Daycare for two
S2 starts daycare tomorrow.
I’ll be honest, I feel a little conflicted about it. I’m both excited and sad. Packing his stuff to take to daycare felt like one of the saddest things ever. It was a mix between “time is going by too fast” and “I feel like I’m cheating”. Let me explain that last part.
While S2 starts daycare tomorrow, I won’t be returning to work until mid-March. THAT makes me excited as hell. I have some personal projects that I’ve been putting off for the last year that I can finally focus on. I’ll go and use the facial/massage gift certificates that have been piling up over the last few holidays. I’ll be able to pull G out of daycare and spend some much needed 1:1 time with him and do some adventure outings. On my list are the Monterrey Bay Aquarium, San Jose Children’s Discovery Museum and whatever else strikes my fancy. S2 on the other hand will get to start daycare before stranger anxiety kicks in, which will hopefully make these first few weeks easier on us all.
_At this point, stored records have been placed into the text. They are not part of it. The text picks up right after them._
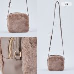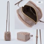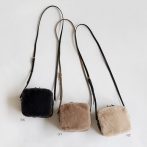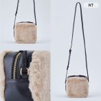 女性らしいファー素材に、ころんとしたキューブの形を合わせたショルダーバッグ。
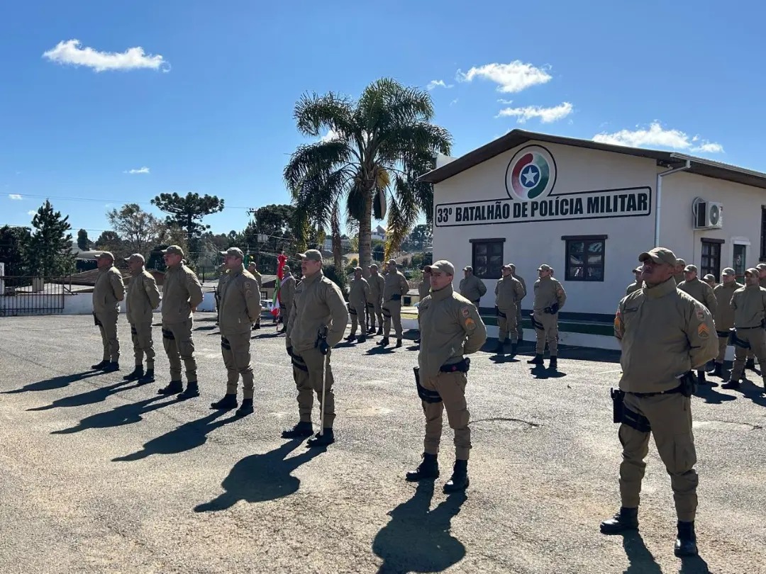 O 33º Batalhão de Policia Militar de Curitibanos promoveu na manhã desta segunda-feira, 12 de agosto, uma nova solenidade de promoção de praças policiais militares e entrega de brasões de mérito.
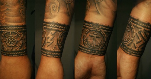 Мужские тату на запястье на руку очень часто оказываются широкими, выполненными обычно в одном цвете, выражено символичными. Рисунок или узор легко читается и быстро запоминается. Орнамент, чаще всего, поддается расшифровке и включает понятия:
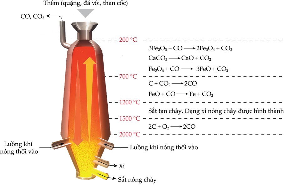 Quặng sắt đậm đặc, đá vôi (CaCO3), than cốc được đưa vào lò từ trên xuống. Một luồng không khí nóng được đẩy vào trong lò từ phía dưới nên còn có tên gọi là lò cao. Khí oxygen phản ứng với carbon trong than cốc để tạo thành chủ yếu là carbon monoxide (CO) và một ít carbon dioxide (CO2). Những phản ứng này tỏa nhiệt cao và khi khí CO và CO2 nóng lên, chúng phản ứng với các hợp chất sắt oxide ở các vùng nhiệt độ khác nhau như trong hình vẽ trên. Các bước chính trong việc khai thác sắt là:
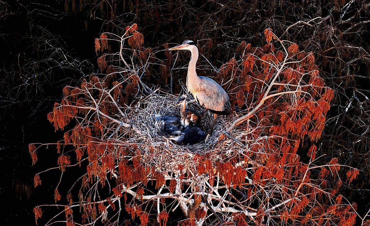 3月13日,涨渡湖湿地自然保护区的水上森林树枝上,刚刚出生不好久的苍鹭。
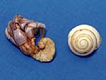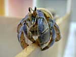 写真のムラサキオカヤドカリは、体が大きくなる種類です。名前どおりに体の色が紫色をしています。眼は複眼からできていて、昆虫の眼によくにています。眼のつけ根の両側から生えている細長い竹ひごのようなものは触角です。この触角を使って前にある物にふれて感じとり、前に進んで行くことができます。貝殻の中の体はやわらかくなっています。貝殻が右巻きになっているので体も右巻きになっています。ツメは左手が大きく、右手は小さい。大きなツメで食べ物を食べたり、外敵とたたかって身を守ります。食べ物は雑食性でなんでも食べます。
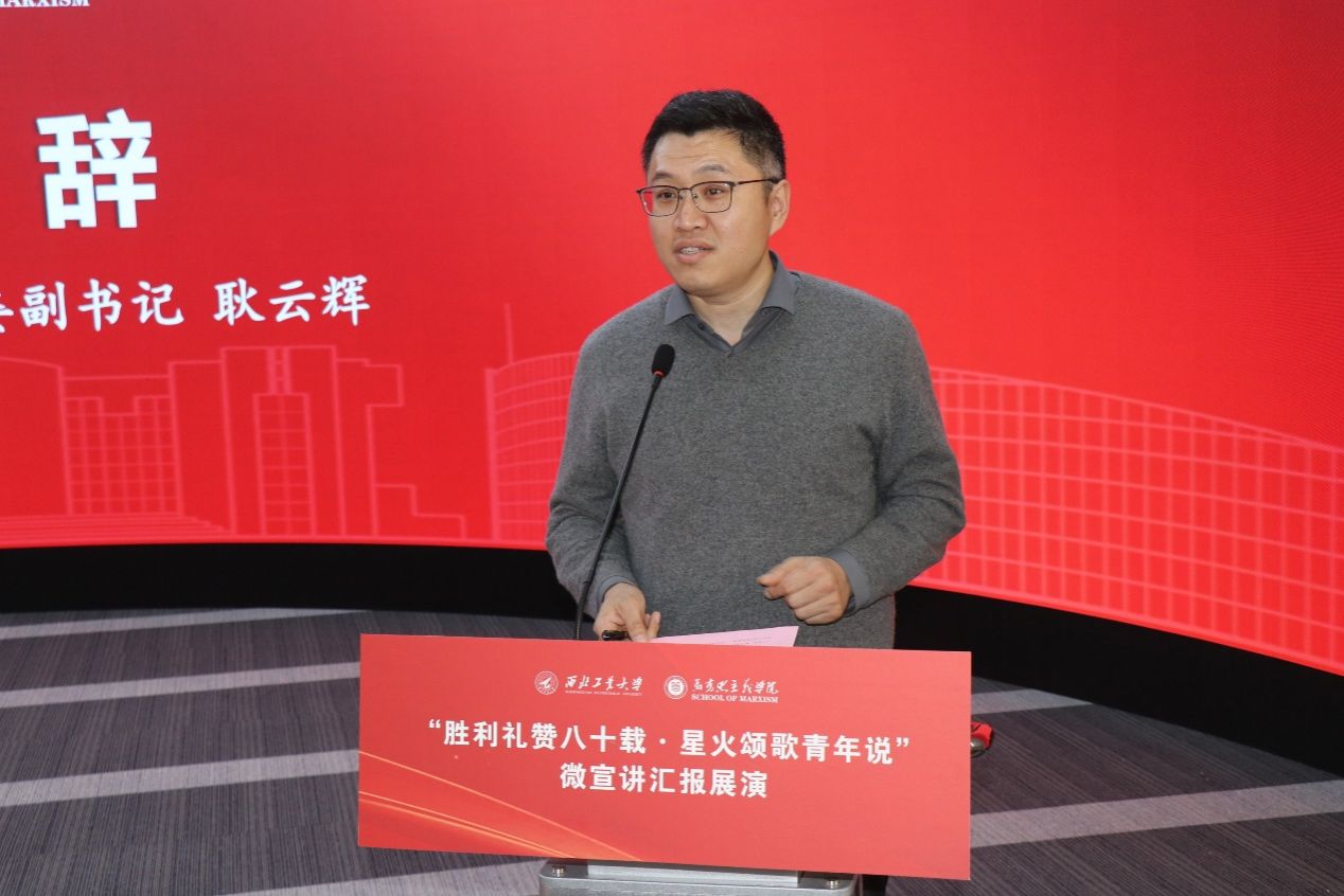 下午3点,展演活动正式拉开帷幕。 91大神 党委副书记耿云辉向到场的各校嘉宾与师生表示诚挚欢迎,阐明本次微宣讲展演以抗战胜利八十周年为契机,搭建校际交流平台、培育青年理论宣讲人才的核心初衷。

Yet, I’m also sad, and… well… guilty. I feel that if I’m staying home, he should be too, since I’m staying home because of him. Also, G was 4 months old when he started daycare. S2 should have the same time with me too.
So yeah, tomorrow will be interesting. I’ve told myself though, that when I start missing my monkey too much I’ll go bring him home.
Meanwhile, I’ve been prepping G too. I told him that his little brother will be going to school with him tomorrow. I told him which room he’ll be in and the teachers he’ll be with. S later asked him if he would check up on his brother. G’s response was “No! S2 in baby room” But he did promise to be a good big brother to him.
So… wanna take bets if I’ll be crying tomorrow on my drive home all alone?